Pivot table in pandas is an excellent tool to summarize one or more numeric variable based on two other categorical variables.
Pivot tables are popularly seen in MS Excel files. In python, Pivot tables of pandas dataframes can be created using the command: pandas.pivot_table
.
You can aggregate a numeric column as a cross tabulation against two categorical columns. In this article, you’ll see how to create pivot tables and understand its parameters with worked out examples.
pandas.pivot_table
Syntax

 pandas.pivot_table(data, values=None, index=None, columns=None, aggfunc=’mean’, fill_value=None, margins=False, dropna=True, margins_name=’All’, observed=False)
Purpose:

 Create a spreadsheetstyle pivot table as a DataFrame.
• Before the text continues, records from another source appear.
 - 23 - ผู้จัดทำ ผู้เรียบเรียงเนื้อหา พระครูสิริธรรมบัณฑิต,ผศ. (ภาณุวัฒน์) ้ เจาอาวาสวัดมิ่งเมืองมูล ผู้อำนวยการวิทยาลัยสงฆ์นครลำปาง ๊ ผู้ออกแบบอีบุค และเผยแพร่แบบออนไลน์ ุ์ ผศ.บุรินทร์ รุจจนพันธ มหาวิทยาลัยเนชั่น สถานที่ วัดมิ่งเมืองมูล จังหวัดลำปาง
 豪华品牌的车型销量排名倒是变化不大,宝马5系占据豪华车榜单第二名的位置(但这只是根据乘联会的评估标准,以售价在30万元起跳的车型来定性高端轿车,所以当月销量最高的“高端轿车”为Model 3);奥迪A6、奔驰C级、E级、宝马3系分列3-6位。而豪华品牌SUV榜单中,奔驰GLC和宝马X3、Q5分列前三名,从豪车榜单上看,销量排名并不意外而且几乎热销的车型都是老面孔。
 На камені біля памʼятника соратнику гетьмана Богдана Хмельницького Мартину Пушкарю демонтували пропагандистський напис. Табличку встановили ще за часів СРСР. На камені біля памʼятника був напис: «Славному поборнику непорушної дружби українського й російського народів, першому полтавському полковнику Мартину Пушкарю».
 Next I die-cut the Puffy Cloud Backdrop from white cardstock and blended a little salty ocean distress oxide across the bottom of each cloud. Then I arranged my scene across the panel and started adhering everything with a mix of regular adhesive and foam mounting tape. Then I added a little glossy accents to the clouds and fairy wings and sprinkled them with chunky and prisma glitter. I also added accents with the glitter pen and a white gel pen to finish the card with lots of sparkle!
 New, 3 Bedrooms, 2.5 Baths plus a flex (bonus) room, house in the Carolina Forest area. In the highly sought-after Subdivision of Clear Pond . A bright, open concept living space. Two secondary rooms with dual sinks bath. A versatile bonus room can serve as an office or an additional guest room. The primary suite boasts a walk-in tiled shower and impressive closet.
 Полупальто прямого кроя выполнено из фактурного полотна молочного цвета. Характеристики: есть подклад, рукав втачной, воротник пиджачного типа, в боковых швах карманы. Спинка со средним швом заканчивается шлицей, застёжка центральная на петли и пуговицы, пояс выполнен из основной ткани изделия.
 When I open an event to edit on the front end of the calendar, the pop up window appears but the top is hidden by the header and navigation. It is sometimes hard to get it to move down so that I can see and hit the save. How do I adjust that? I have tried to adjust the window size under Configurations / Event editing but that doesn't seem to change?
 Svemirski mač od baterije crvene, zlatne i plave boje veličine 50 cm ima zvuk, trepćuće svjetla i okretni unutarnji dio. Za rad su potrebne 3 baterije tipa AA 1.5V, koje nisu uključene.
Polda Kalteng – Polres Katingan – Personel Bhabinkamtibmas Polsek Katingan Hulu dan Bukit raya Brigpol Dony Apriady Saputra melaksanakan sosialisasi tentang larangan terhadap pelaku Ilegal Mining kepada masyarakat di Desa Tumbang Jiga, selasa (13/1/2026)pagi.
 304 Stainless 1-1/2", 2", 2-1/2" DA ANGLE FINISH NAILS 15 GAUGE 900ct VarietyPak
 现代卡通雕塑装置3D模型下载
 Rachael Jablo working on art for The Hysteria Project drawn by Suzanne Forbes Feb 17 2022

The levels in the pivot table will be stored in MultiIndex objects (hierarchical indexes) on the index and columns of the result DataFrame
Parameters:

 data

 Dataframe, The dataset whose pivot table is to be made.

 values

 Column, The feature whose statistical summary is to be seen.

 index

 Column, Used for indexing the feature passed in the values argument

 columns

 Column, Used for aggregating the values according to certain features

 observed

 bool, (default False): This parameter is only applicable for categorical features. If it is set to ‘True’ then the table will show values only for categorical groups

 data
Returns:

 DataFrame, An Excel style pivot table
How to make a pivot table?
Use the pd.pivot_table()
function and specify what feature should go in the rows and columns using the index
and columns
parameters respectively. The feature that should be used to fill in the cell values should be specified in the values
parameter.
Let’s create a sample dataset.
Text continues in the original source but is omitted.